◆ Task goal ◆
Return, with both end lines included, exactly what the data below holds from the line with "Клей для камня" through the line with "На шум потасовки", though not the pictures.

◆ Available data ◆
==========
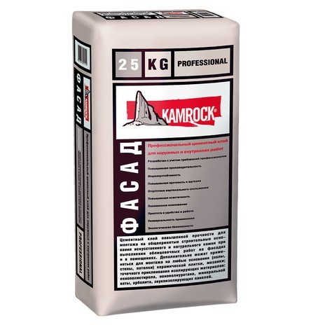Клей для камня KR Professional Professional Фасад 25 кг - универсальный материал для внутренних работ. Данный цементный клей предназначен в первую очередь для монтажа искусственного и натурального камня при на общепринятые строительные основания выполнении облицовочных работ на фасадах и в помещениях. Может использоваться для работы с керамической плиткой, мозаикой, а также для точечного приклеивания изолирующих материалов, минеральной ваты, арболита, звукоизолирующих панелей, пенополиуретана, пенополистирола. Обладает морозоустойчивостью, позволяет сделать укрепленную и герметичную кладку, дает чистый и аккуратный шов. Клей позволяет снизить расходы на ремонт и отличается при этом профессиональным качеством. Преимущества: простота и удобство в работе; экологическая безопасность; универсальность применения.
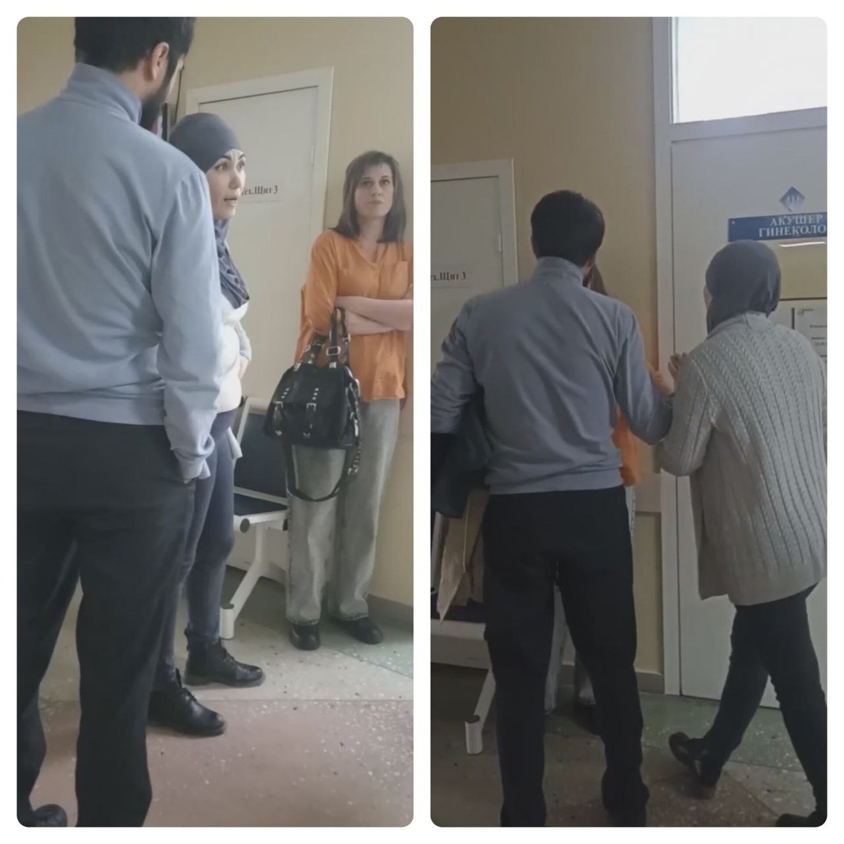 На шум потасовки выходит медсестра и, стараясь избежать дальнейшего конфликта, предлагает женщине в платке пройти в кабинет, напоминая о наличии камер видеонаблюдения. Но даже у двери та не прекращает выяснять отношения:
==========
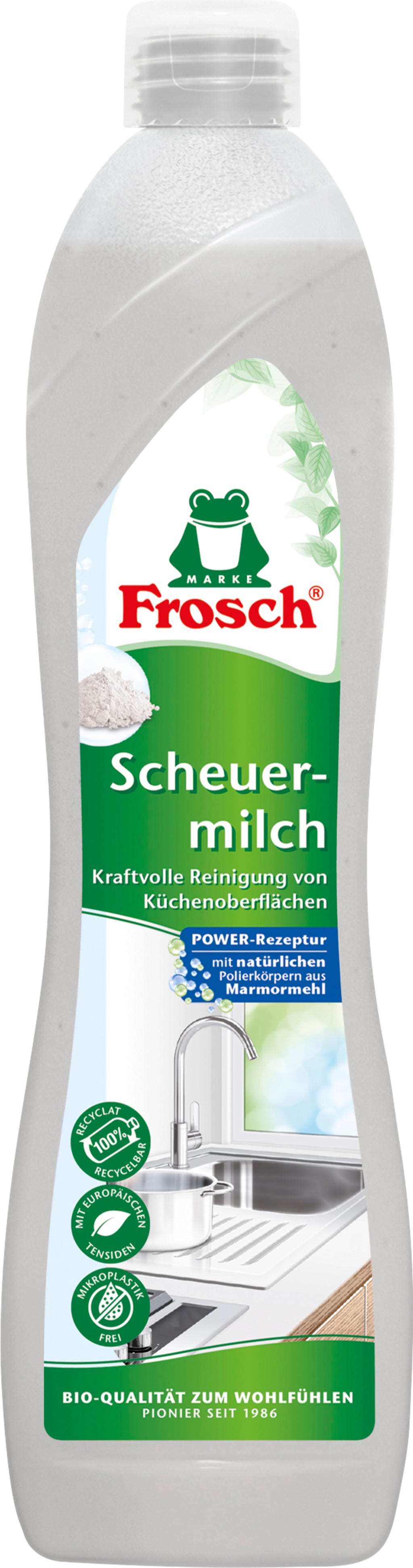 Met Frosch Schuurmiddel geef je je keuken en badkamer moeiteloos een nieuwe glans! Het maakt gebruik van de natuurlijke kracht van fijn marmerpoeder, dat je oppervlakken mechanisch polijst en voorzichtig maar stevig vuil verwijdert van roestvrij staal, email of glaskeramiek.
==========
◆ Expected answer ◆
Клей для камня KR Professional Professional Фасад 25 кг - универсальный материал для внутренних работ. Данный цементный клей предназначен в первую очередь для монтажа искусственного и натурального камня при на общепринятые строительные основания выполнении облицовочных работ на фасадах и в помещениях. Может использоваться для работы с керамической плиткой, мозаикой, а также для точечного приклеивания изолирующих материалов, минеральной ваты, арболита, звукоизолирующих панелей, пенополиуретана, пенополистирола. Обладает морозоустойчивостью, позволяет сделать укрепленную и герметичную кладку, дает чистый и аккуратный шов. Клей позволяет снизить расходы на ремонт и отличается при этом профессиональным качеством. Преимущества: простота и удобство в работе; экологическая безопасность; универсальность применения.
 На шум потасовки выходит медсестра и, стараясь избежать дальнейшего конфликта, предлагает женщине в платке пройти в кабинет, напоминая о наличии камер видеонаблюдения. Но даже у двери та не прекращает выяснять отношения:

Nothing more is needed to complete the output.